§ What this task involves:
After locating the line that contains "Gminne Centrum Kultury", output that line and each one following it, exactly, to the end of the entries. No pictures.

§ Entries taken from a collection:
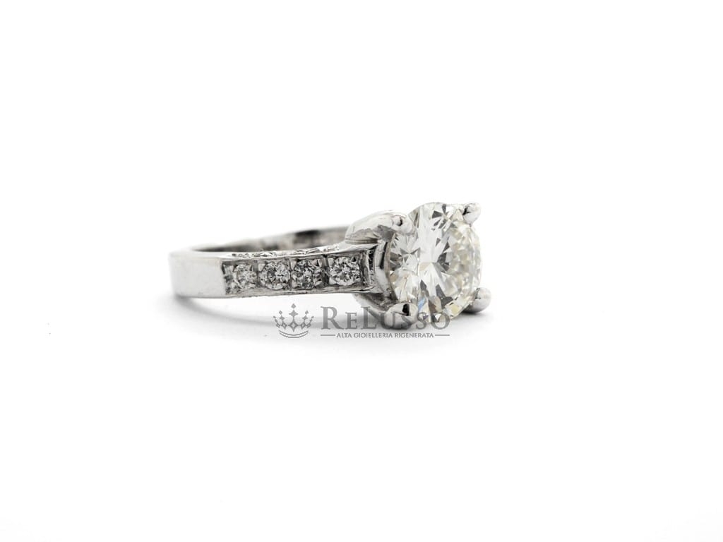 Bague solitaire avec diamant de 1,15 ct et diamants latéraux de 0,20 ct en or blanc.
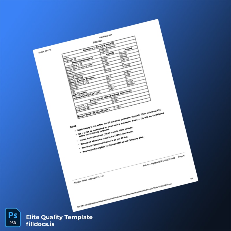 Fillable India Airplaza Retail Holdings Pvt Ltd Appointment Letter Template – Word/PDF 6 page
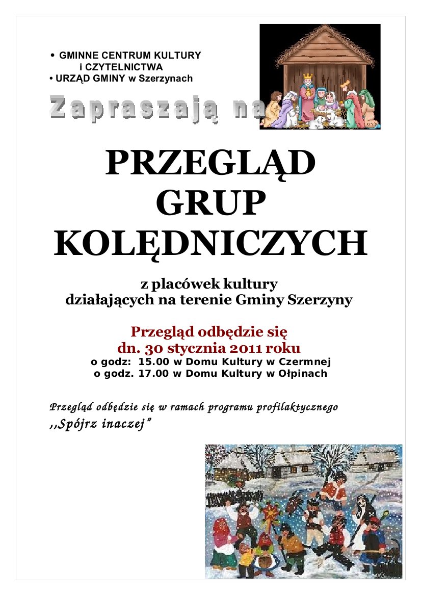 Gminne Centrum Kultury i Czytelnictwa oraz Urząd Gminy w Szerzynach zapraszają na Przegląd Grup Kolędniczych z placówek kultury działających na terenie Gminy Szerzyny.
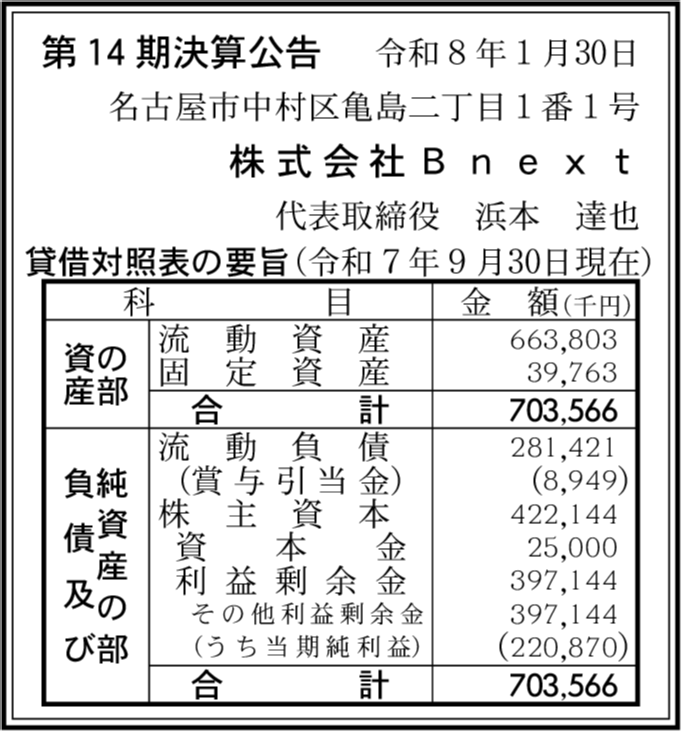 | 会社名 | 株式会社Bnext |
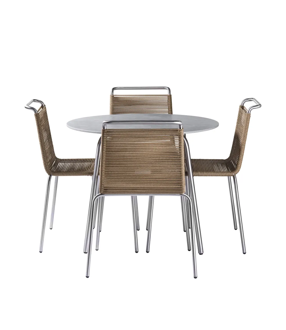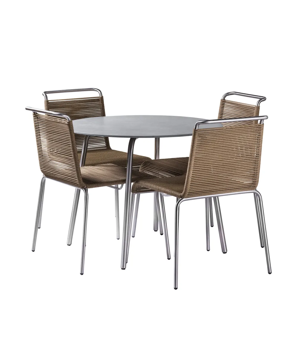 Et rundt bord samler folk på en særlig måde. Med Teglgaard lille havesæt i rund version er der plads til at vende dagens oplevelser og nyde den friske luft. De lette, stabelbare stole og det minimalistiske bord er skabt med funktionalitet og elegance i tankerne – en smuk løsning til alt fra gårdhaven til den lille terrasse.
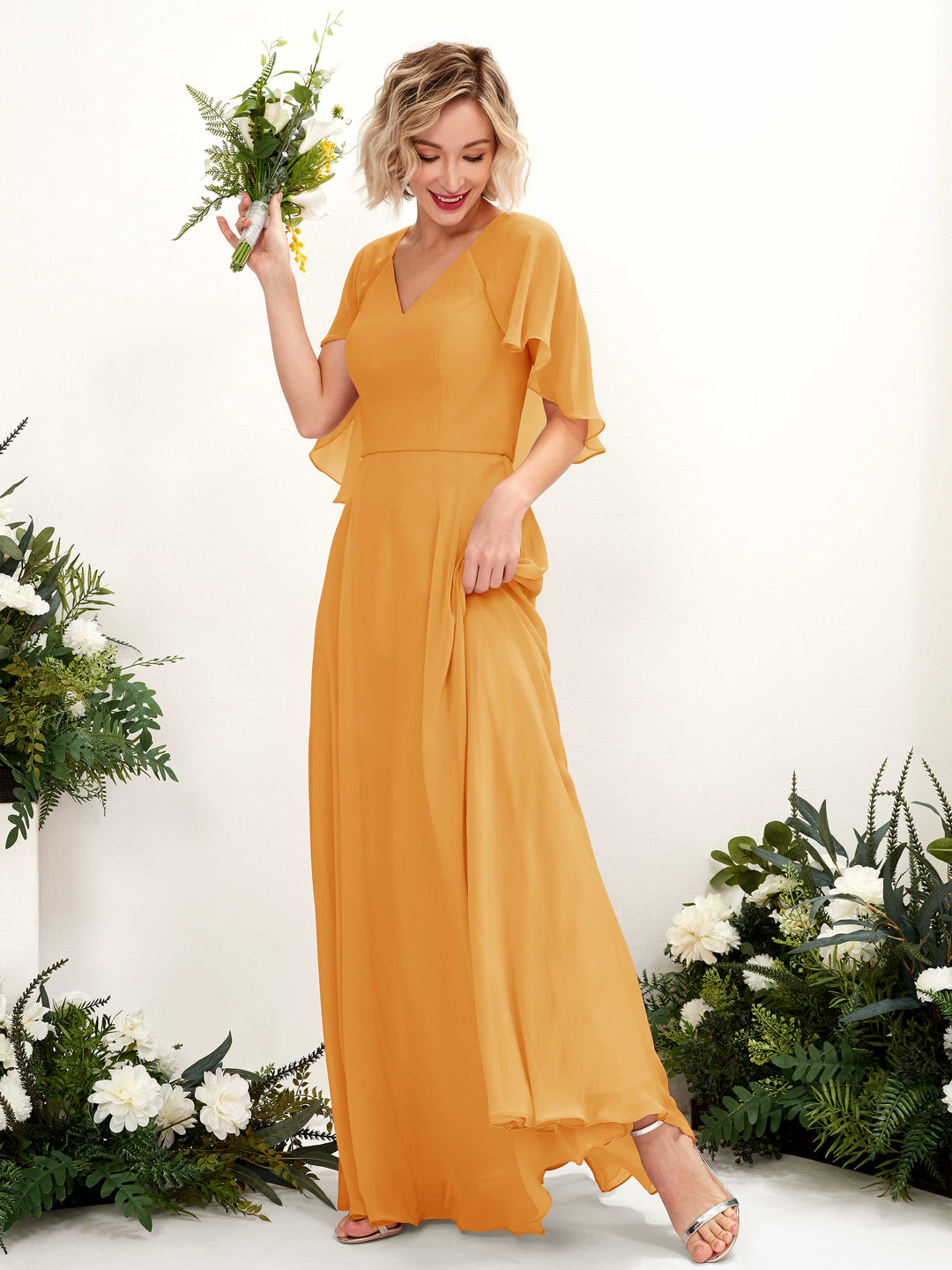 Mango Chiffon A-Line V-Neck Cape Maxi Dress

§ Solution to this problem:
 Gminne Centrum Kultury i Czytelnictwa oraz Urząd Gminy w Szerzynach zapraszają na Przegląd Grup Kolędniczych z placówek kultury działających na terenie Gminy Szerzyny.
 | 会社名 | 株式会社Bnext |
 Et rundt bord samler folk på en særlig måde. Med Teglgaard lille havesæt i rund version er der plads til at vende dagens oplevelser og nyde den friske luft. De lette, stabelbare stole og det minimalistiske bord er skabt med funktionalitet og elegance i tankerne – en smuk løsning til alt fra gårdhaven til den lille terrasse.
 Mango Chiffon A-Line V-Neck Cape Maxi Dress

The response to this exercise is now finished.